In 1897, he was allowed to move to Palanga (then part of the Courland Governorate) where he worked as a physician. He contributed articles to Ūkininkas, Varpas, Žemaičių ir Lietuvos apžvalga, maintained contacts with various Lithuanian activists, including socialists Andrius Domaševičius and Vincas Kapsukas. Living close to the Russia–Prussia border, he supported Lithuanian book smugglers and also organized the smuggling and distribution of Latvian and Russian social democratic publications. In 1899, he managed to obtain a government permit for America in the Bathhouse (Amerika pirtyje), the first Lithuanian-language theater performance in present-day Lithuania. In 1900, he assisted in organizing the display of Lithuanian publications at the world's fair in Paris.
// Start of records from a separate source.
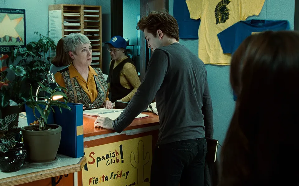 The front side of the High School building features the main entrance into the KHS Office. Director Catherine Hardrich requested to use the main office for a scene in the movie, when Edward attempts to change to a different science class after being partnered with Bella in class. They wanted to use the principal’s office, located inside, so the office was painted blue, Forks’ information was put on the walls, and the scene was attempted, but it was determined to be too small. It never made the movie, but the wall is still blue.
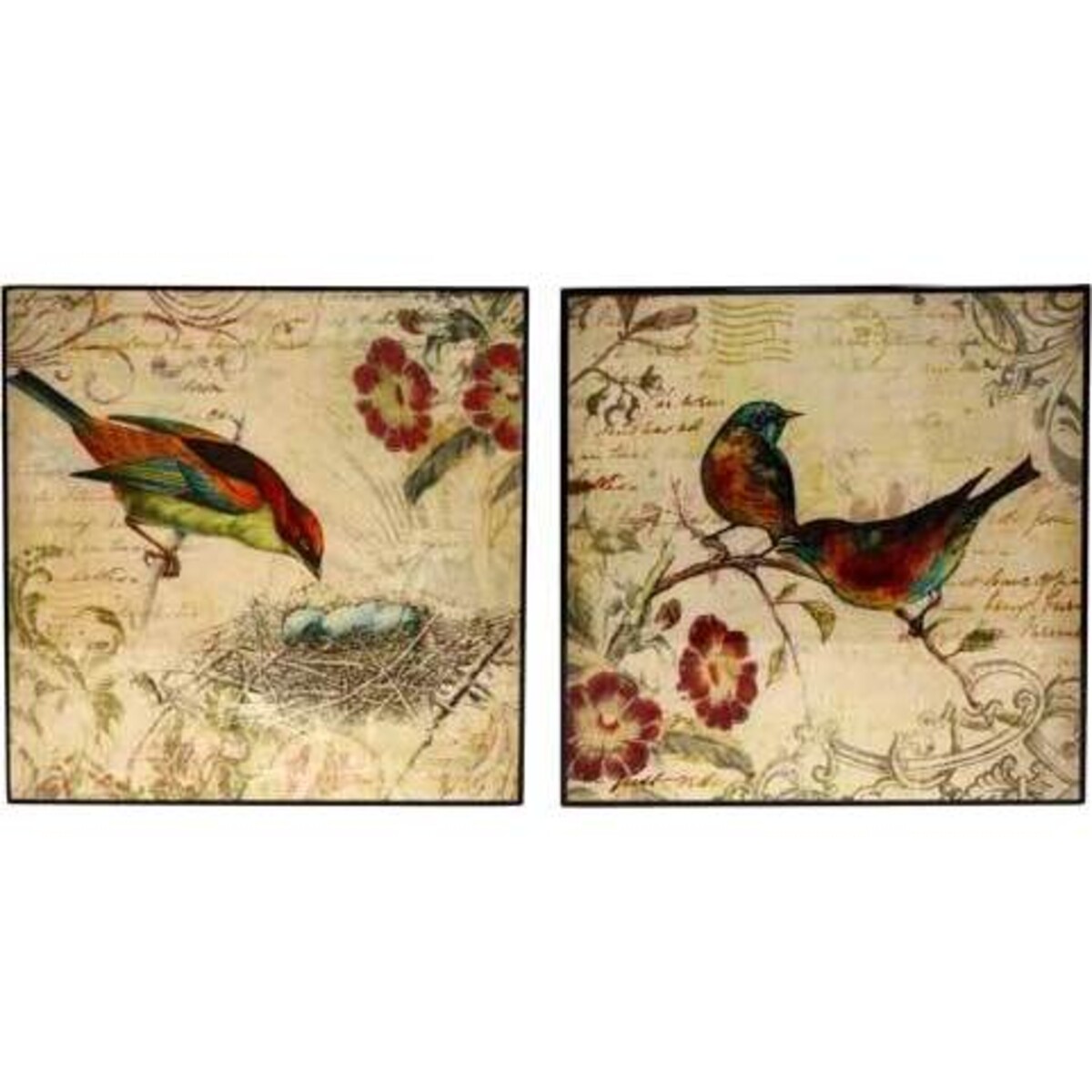 A set of two colourful and homely looking lacquer prints featuring small colourful birds in two different poses.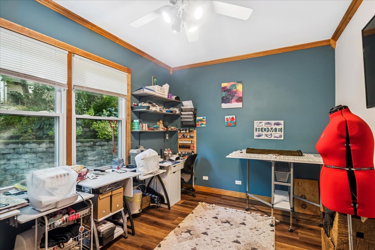 WOW! Spacious & Stunning 2,360 sq ft, 5 bedroom / 3.5 bath home just minutes from the Chain available NOW! Boasting 2,360 sq ft above grade, & not including the mostly finished basement, this home has the features & improvements you’re looking for! Wood flooring on most of the main level. Zoned HVAC! Living room w/ dramatic barn slider doors making the perfect 1st floor office. Large formal dining off the kitchen. Bright family room leading from the kitchen w/ beautiful crown molding, fireplace & in-ceiling speakers. Large eat-in kitchen featuring lot’s of cabinetry & counter space, countertop overhang w/ seating for 4 & an amazing view from the breakfast room of the stunning grounds outside! Main level 5th bedroom, too, w/ newly installed luxury vinyl flooring. Primary retreat is grand, featuring a luxurious bath w/ gorgeous oversized tumble stone look tile composing the oversized shower & 2 person tub surround, as well as wood plank porcelain floor tile, two sinks w/ a bank of drawers in vanity & framed medicine cabinet mirrors. Primary walk in closet is finished w/ stunning closet organization. Bedroom 2 & 3 w/ closet organization & bedroom 4 featuring newly installed luxury vinyl tile. Guest bathroom is freshly painted & features a jetted tub, dark shaker vanity & contrasting dark tile w/ listel border & niche in shower! Mostly finished basement w/ bar, amazing 3rd full bath, huge rec room, gym, laundry & plentiful storage! HEATED 3 car garage with room for your toys & more! Spacious double lot offers a fenced in backyard retreat, incl a paver patio, putting green, fenced in dog run, firepit, 2 sheds & lot’s of room to roam! Improvements: Furnace 1 2020, Furnace 2 2021, TANKLESS Hot Water Tank 2023, New gutters 2022, 2nd fl A/C 2021, New disposal, New GE Top Control Dishwasher 2025, New Sump Pump 2024, Whole house water conditioning system w/ lifetime warranty 2023, New 2 car garage door & MyQ Opener 2022! Take a tour today!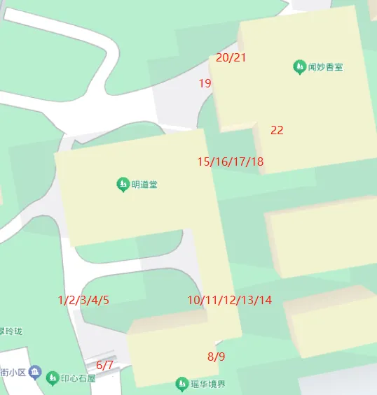 5 E片区(明道堂院子及闻妙香室) 明道堂院子两侧各五个花窗,南侧即瑶华境界大门两侧各两个花窗,明道堂东北靠近闻妙香室,共四个花窗。闻妙香室进门西北围墙转角共三个花窗,闻妙香室南侧小院子有一个花窗。

In April 1900, Tsarist police seized four bundles of illegal publications: three with Russian social democratic texts and one with Lithuanian publications. Further investigation revealed that this cargo was organized by Vaineikis. When police searched his residence, they found a list of Lithuanians to whom Vaineikis sent the banned publications. Thus, the police began much wider investigations and searched many prominent Lithuanians resulting in multiple arrests. Vaneikis was arrested in 1900 and spent about two years at prisons in Mitau and Libau. On 27 February 1902, Tsar approved sentences (internal exile) of 23 Lithuanians, including Vaneikis, Augustinas Janulaitis, Jonas Jablonskis, Gabrielius Landsbergis-Žemkalnis, Rokas Šliūpas, Jonas Ambrozaitis, Vladas Požela.

Vaineikis was exiled to the Siberian city of Yakutsk for five years. His wife Stasė Vaineikienė voluntarily accompanied him. In 1904, he helped combat an outbreak of smallpox. He was released after the Lithuanian press ban was lifted in 1904. He then moved to Tilsit in East Prussia where he joined activities of the Lithuanian Social Democratic Party. Together with Andrius Domaševičius, he edited the party's newspaper Darbininkų balsas and supported revolutionary causes. Around 1908, Vaineikis shifted his focus to more cultural and anti-religious freethought work.

===Later life===
He worked as a doctor in Central Asia (Kyrgyzstan, Emirate of Bukhara, Turkestan Autonomy) between 1915 and 1920. There, he witnessed power struggles, cruelty, and massacres during the Russian Civil War. He returned to Palanga in 1921 and worked as a teacher at city's secondary school. As a representative of the Peasant Union, he unsuccessfully ran in the elections to the First Seimas of Lithuania in October 1922. As an independent, he also ran in the elections to the Second Seimas in May 1923. He supported the Communist Party of Lithuania and the Lithuanian Red Aid (his daughter Liuda was an active member of both).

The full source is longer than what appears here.